His pale eyes met hers in the faint light coming from the house. “No protest?”
“You saved me,” she said simply. She sighed and smiled with resignation. “I belonged to you, anyway. There’s never been anyone else.”
His long, lean fingers touched her collarbone, his eyes narrow and solemn, his expression serious, intent. “That could have changed, tonight,” he reminded her quietly. “You have to trust me enough to do what I tell you. I don’t want you hurt in this. I’ll do anything I have to, to protect you. That includes having a man follow you around like a visible appendage if you push me to it. Think what your principal would make of that!”
“I won’t make any more stupid mistakes,” she promised.
“What would you call this?” he mused, nodding toward the ripped fabric that left one pretty, taut breast completely bare.
“Cover me up if you don’t like what you see,” she challenged.
He actually laughed. She was constantly surprising him. “I think I’d better,” he murmured dryly, and pulled the shirt back over her, leaving her to button it again. “Dallas is at the window getting an education.”

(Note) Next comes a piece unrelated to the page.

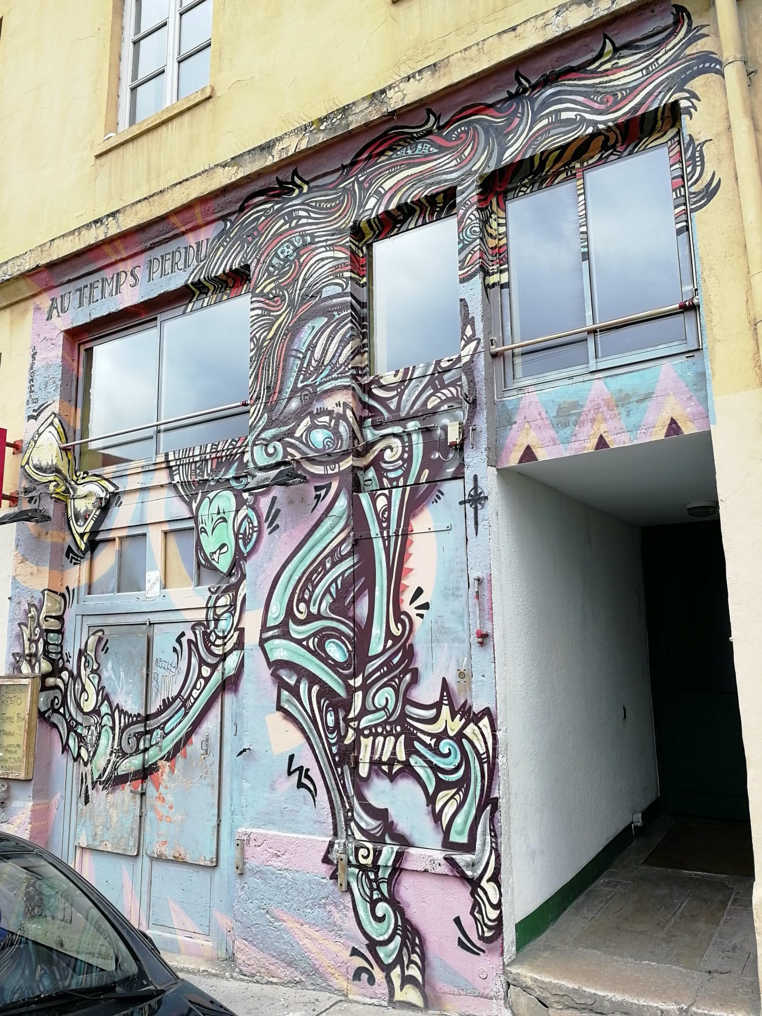 The artwork Au temps perdu is of graffiti type. You can admire it in the city of Lyon in France and more precisely here : 2 Rue des Fantasques, 69001 Lyon, France.

“And I can tell how much he needs it,” she said with dry humor as Eb helped her back into her own seat.
“That makes two of you,” Eb told her. His eyes were kind, and now full of concern. “Will you be all right?”
“Yes.” She hesitated with her hand on the doorknob. “Eb, is it always like that?”
He frowned. “What?”
She looked up into his eyes. “Physical violence. Do you ever get to the point that it doesn’t make you sick inside?”
“I never have,” he said flatly. “I remember every face, every sound, every sick minute of what I’ve done in my life.” He looked at her, but he seemed to go far away. “You’d better go inside. I’ll take you and Stevie out to the ranch Thursday and Saturday and we’ll put in some more time.”
“For all the good it will do me,” she managed to say nervously.